══ THE DATA ══

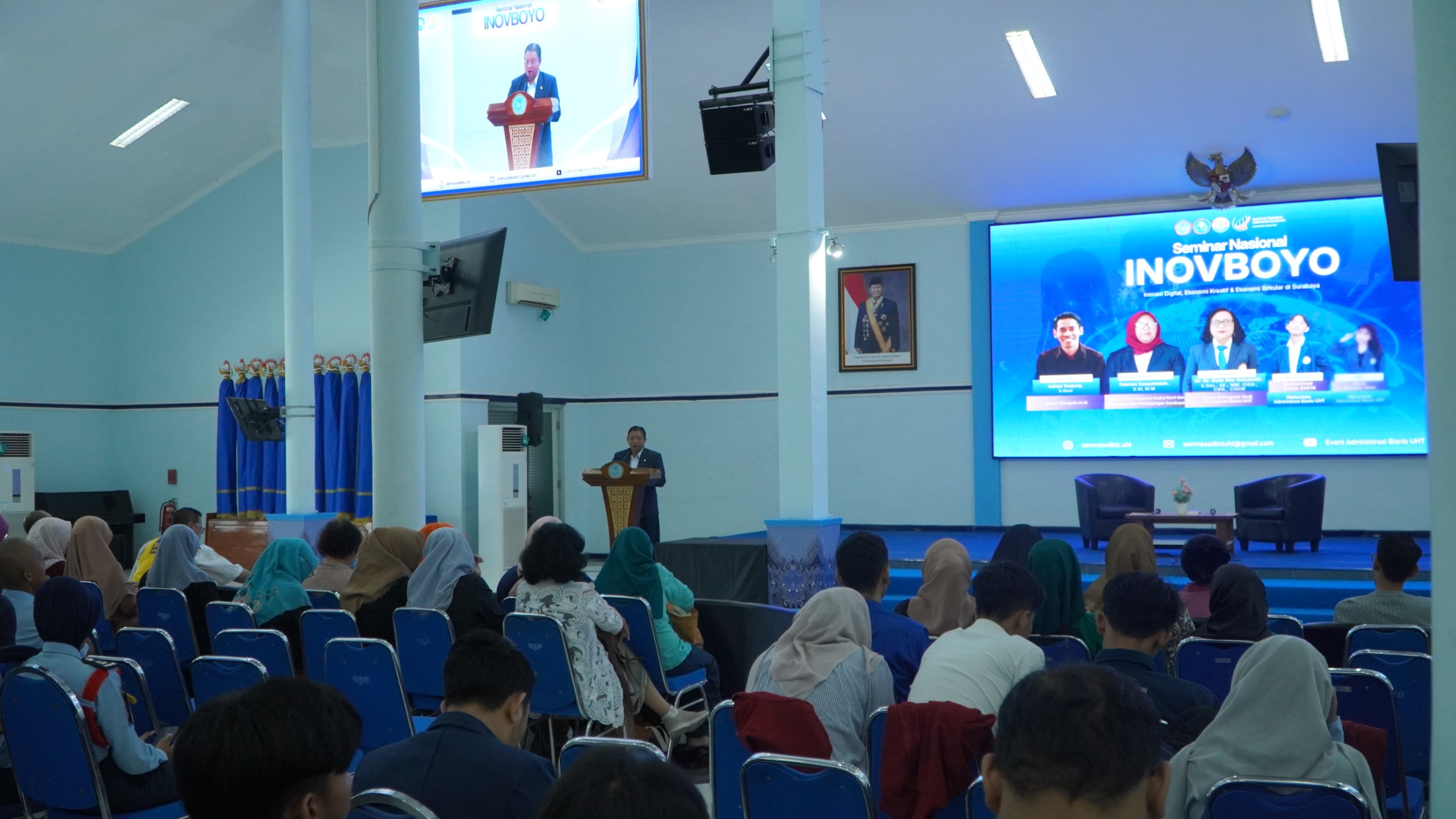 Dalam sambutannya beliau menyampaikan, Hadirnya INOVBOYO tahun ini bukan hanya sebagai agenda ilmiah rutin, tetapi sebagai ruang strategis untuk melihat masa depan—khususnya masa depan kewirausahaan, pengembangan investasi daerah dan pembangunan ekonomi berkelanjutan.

═══
══ THE DATA ══

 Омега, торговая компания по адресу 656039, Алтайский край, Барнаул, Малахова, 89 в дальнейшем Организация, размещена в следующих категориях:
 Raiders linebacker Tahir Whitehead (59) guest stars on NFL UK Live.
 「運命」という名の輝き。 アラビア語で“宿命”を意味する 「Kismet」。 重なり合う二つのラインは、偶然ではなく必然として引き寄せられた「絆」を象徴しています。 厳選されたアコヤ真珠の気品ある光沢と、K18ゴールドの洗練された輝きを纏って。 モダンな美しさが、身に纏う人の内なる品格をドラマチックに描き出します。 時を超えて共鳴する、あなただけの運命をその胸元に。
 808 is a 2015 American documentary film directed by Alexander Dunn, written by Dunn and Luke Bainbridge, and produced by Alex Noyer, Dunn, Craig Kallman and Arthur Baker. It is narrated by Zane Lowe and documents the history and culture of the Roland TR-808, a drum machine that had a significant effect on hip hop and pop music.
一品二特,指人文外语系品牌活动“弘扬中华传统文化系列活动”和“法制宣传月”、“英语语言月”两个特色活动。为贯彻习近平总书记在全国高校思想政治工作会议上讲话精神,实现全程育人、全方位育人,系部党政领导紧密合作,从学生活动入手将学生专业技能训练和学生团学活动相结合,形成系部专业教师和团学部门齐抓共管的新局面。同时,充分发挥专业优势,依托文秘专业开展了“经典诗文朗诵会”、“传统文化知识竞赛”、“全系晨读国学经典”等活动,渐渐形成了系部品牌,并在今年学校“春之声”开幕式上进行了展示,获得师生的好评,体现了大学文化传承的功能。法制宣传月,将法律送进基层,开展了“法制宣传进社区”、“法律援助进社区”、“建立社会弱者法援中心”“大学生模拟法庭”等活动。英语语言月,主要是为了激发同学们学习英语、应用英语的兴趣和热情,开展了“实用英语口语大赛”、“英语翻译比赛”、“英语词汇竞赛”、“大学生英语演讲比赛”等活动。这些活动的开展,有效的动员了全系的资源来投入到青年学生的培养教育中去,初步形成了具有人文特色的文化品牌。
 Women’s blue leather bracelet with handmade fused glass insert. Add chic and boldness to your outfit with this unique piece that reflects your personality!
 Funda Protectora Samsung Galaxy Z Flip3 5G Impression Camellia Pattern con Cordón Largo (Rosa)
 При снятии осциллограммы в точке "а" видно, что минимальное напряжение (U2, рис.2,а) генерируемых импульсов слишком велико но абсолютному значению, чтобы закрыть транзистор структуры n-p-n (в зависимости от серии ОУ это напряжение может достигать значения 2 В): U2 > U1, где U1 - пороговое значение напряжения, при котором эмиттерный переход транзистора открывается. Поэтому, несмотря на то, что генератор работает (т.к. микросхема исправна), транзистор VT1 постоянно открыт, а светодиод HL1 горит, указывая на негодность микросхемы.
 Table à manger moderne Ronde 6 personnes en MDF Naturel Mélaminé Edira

═══

▸ **PROBLEM REQUIREMENTS**
Beginning with the line that has "При снятии осциллограммы" and ending with the line that has "Table à manger", set down the lines above exactly and include no others.

▸ **ANSWER**
 При снятии осциллограммы в точке "а" видно, что минимальное напряжение (U2, рис.2,а) генерируемых импульсов слишком велико но абсолютному значению, чтобы закрыть транзистор структуры n-p-n (в зависимости от серии ОУ это напряжение может достигать значения 2 В): U2 > U1, где U1 - пороговое значение напряжения, при котором эмиттерный переход транзистора открывается. Поэтому, несмотря на то, что генератор работает (т.к. микросхема исправна), транзистор VT1 постоянно открыт, а светодиод HL1 горит, указывая на негодность микросхемы.
 Table à manger moderne Ronde 6 personnes en MDF Naturel Mélaminé Edira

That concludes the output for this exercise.